时间一分一分的流逝,他开始怀疑说要过来接他的人在路上可能遇到抢劫犯了。时间过去这么久,按理说裴宴安早该到目的地了,结果现在是怎么回事。
他觉得现在很有必要给那人打个电话过去,确认那家伙的人身安全。
程誉想着,把手伸进口袋拿出手机,打算给裴宴安打个电话。
结果,手机刚拿出来,还没解锁呢,一辆红色跑车就正好疾驰经过他的旁边,速度快得惊人,在这个路段明显是超速了。
问题是车开得离马路边过近,道路的清洁又没有做好,边沿积了很多灰尘,以致于车开过去的时候,扬起的灰尘瞬间扑了程誉全身。
“sorry!”车依然没有减速的意思,满天飞尘的空气中还遗留一声歉意。
这不顺心的事怎么一桩接着一桩来啊。
程誉不仅全身被灰尘沾满,还一不小心吸了一口灰尘,本人情绪已然崩溃。
他有些歇斯底里地拍着被衣服弄脏的衣服,并气愤的想,哪家好人这样开车的,真是没有道德的混账!

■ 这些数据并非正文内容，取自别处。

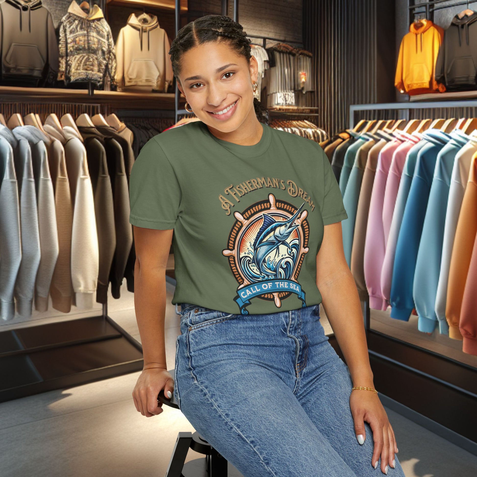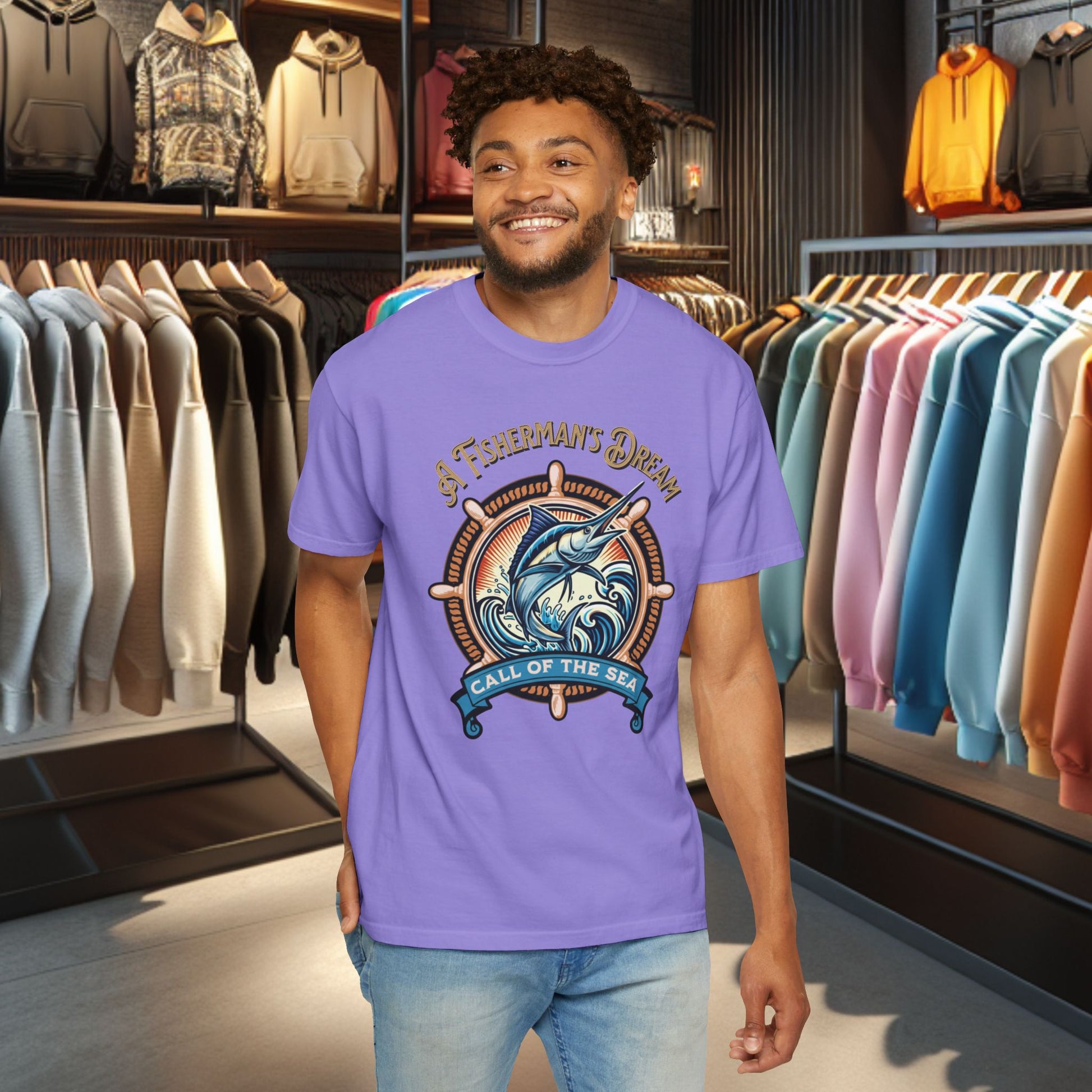 Salt air on your skin, the creak of a wooden dock, the hush before the day’s first catch — this Fisherman’s Dream tee carries that calm. The garment-dyed cotton settles into a lived-in feel and soft sea-washed hue that ages like a favorite memory. Wear it on early mornings hauling pots of coffee to the boat, on slow afternoons mending lines, or tucked into a harbor-side pub as the tide comes in. The relaxed fit and substantial, heavyweight knit sit comfortably over layers while double-stitched seams stand up to hard work and long seasons. It’s straightforward, durable, and quietly nautical — a shirt that looks at home wherever the horizon meets the water.

但这个情况连发泄的余地都没有,他只能站了起来,怒瞪那辆造孽的车子,当然这时候在路灯也只能看到车子炫酷的车尾了。
程誉无可奈何,深深吐出一口气来。
“哧。”
突然,车主不知道为何来了一个紧急的刹车,远处已经扬长而去的车又绕了回来,还停在离程誉不远处。
程誉看着停在他面前的车,有些不明所以了。
怎么,良心发现,想回来当面道谢?
他选择先冷眼旁观。
“……程誉,你是程誉吗?”这时,坐驾驶座上的人摇下车窗,一脸惊喜地探过头来,朝程誉看过来,嘴里大声的喊道。
一副与他熟稔的样子。
而程誉则打量了对方几眼,然后发起了楞。男子眉宇舒展,笑得爽朗,顶着一头染着粉色的毛发,发型蓬松凌乱,一边的耳郭上戴着一排亮闪闪的耳钉,估摸另一边也是如此。上衣穿着布满五颜六色涂鸦的外套,里面是低领的白色背心,露出了大片面积的麦色胸肌。
品味独特,性格张扬,程誉下了一个简略的评价。
这一一照面,他觉得自己应当是不认识这辆车的车主的,但莫名从对方的语气中感受到了一丝熟悉感,况且这人还喊得出他的名字,应当是认识。
他是谁?程誉怎么想都想不起来从哪认识这么个人。
“程誉同学,你不记得我了吗?”那位不讲道德的车主随即用手做出一个展示自己脸的动作,然后兴高采烈地对着他说,“我,我啊,想起来一点没?你的高中同班同学,兄弟,我们以前的交情很深的。”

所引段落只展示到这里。